11. Competitive Landscape
Beyond major players, smaller companies like Viking Therapeutics and Structure Therapeutics are emerging with innovative approaches to GLP1 drugs. Carl Thiel mentions:
- Viking Therapeutics: Developing both injectable and oral versions of GLP1 plus GIP drugs, with favorable side effect profiles.
- Structure Therapeutics: Working on peptide small molecules.
Partnerships, such as Eli Lilly with Lycna in Hong Kong, aim to enhance drug efficacy and address issues like muscle mass preservation during weight loss.
12. Economic and Societal Impacts
Zooming out, Carl Thiel discusses the limited but emerging economic effects of widespread GLP1 drug adoption. Specific trends include:
- Household Spending: Reduced food purchases among GLP1 users.

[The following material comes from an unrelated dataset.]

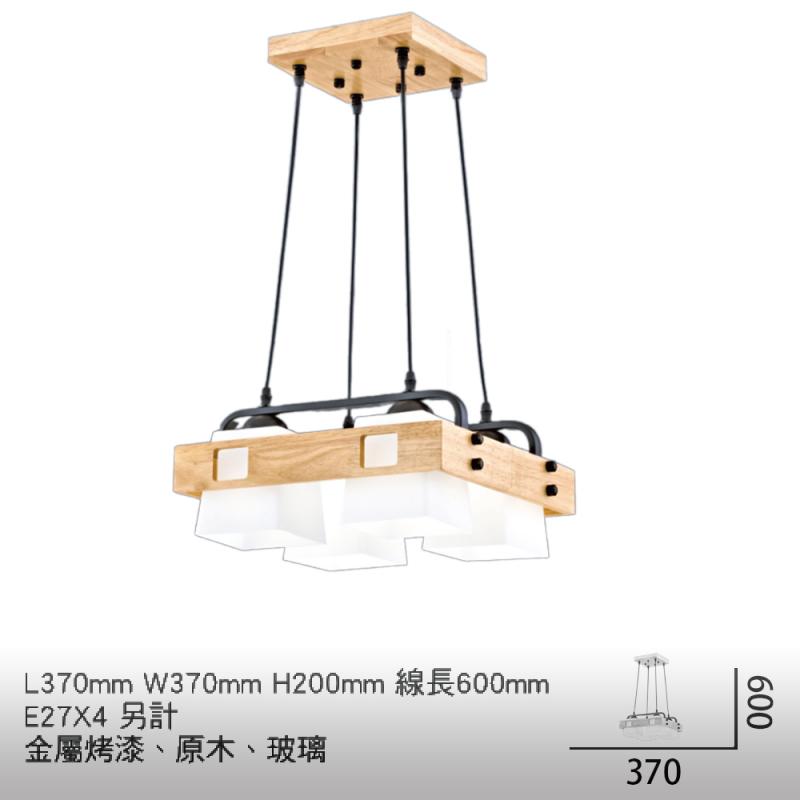 【大巨光】北歐風E27 四燈 吊燈_小(LW-12-0731)D0785 C1382 金屬烤漆 原木
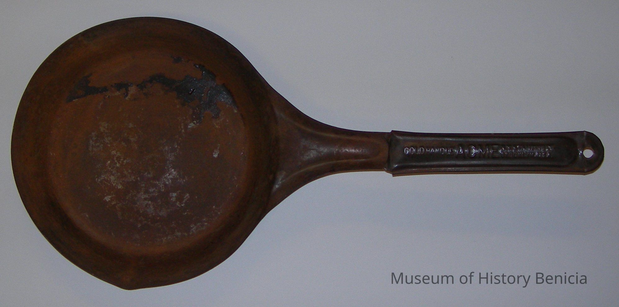 Metal frying pan with long handle that has raised lettering: "Cold handle ACME Brooklyn U.S.A."; there is an extra piece on the handle which allows an air space between the pieces to supposedly keep the handle cooler;

- Food Industry Response: Companies like General Mills and Conagra launching products tailored for GLP1 users with smaller portions and enhanced nutritional profiles.
- Medical Services: Decrease in bariatric surgeries as more individuals opt for pharmacological weight loss methods.
Carl Thiel [25:36]: "You'll see companies like General Mills and Conagra... targeting the needs of GLP1 users."
(25:36)
He anticipates gradual improvements in cardiovascular health at the population level, contingent on long-term drug efficacy and adherence.
13. Future Trials to Watch
As the episode concludes, Carl Thiel highlights key upcoming trials and drug developments:
- Eli Lilly's Retatrutide (Triple G): Targets GLP1, GIP, and Glucagon receptors, aiming for greater efficacy. Results expected later in the second quarter.
- Novo Nordisk's Amacretin: An oral drug entering Phase Three trials, poised to follow Semaglutide as a successor.
These trials are pivotal in determining the next generation of weight-loss drugs and their market viability.
14. Closing Remarks
Mary Long wraps up the episode by reminding listeners that the Motley Fool may have holdings in the discussed stocks and that all personal finance content meets their editorial standards. She underscores the importance of independent research and due diligence before making investment decisions.
Notable Quotes:
- Carl Thiel [00:01]: "There is this number that keeps getting thrown around and that is that this is going to be a $150 billion annual market."
- Carl Thiel [03:12]: "So GLP1 is a natural hormone that everybody makes in their own body... inspired by the venom of the Gila monster."
- Carl Thiel [14:13]: "If you assume that Lilly and Novo Nordisk continue to dominate the market and you assume it really does go to $150 billion..."
- Carl Thiel [20:01]: "I do think Lilly is pretty clearly the best positioned company in this space right now..."
Conclusion
The episode provides a comprehensive analysis of the current state and future prospects of weight-loss drugs, particularly GLP1s. While the market shows substantial growth and investment potential, challenges such as side effects, patent expirations, and competitive pressures remain. Investors are advised to consider diversified approaches and stay informed about ongoing clinical trials and market developments.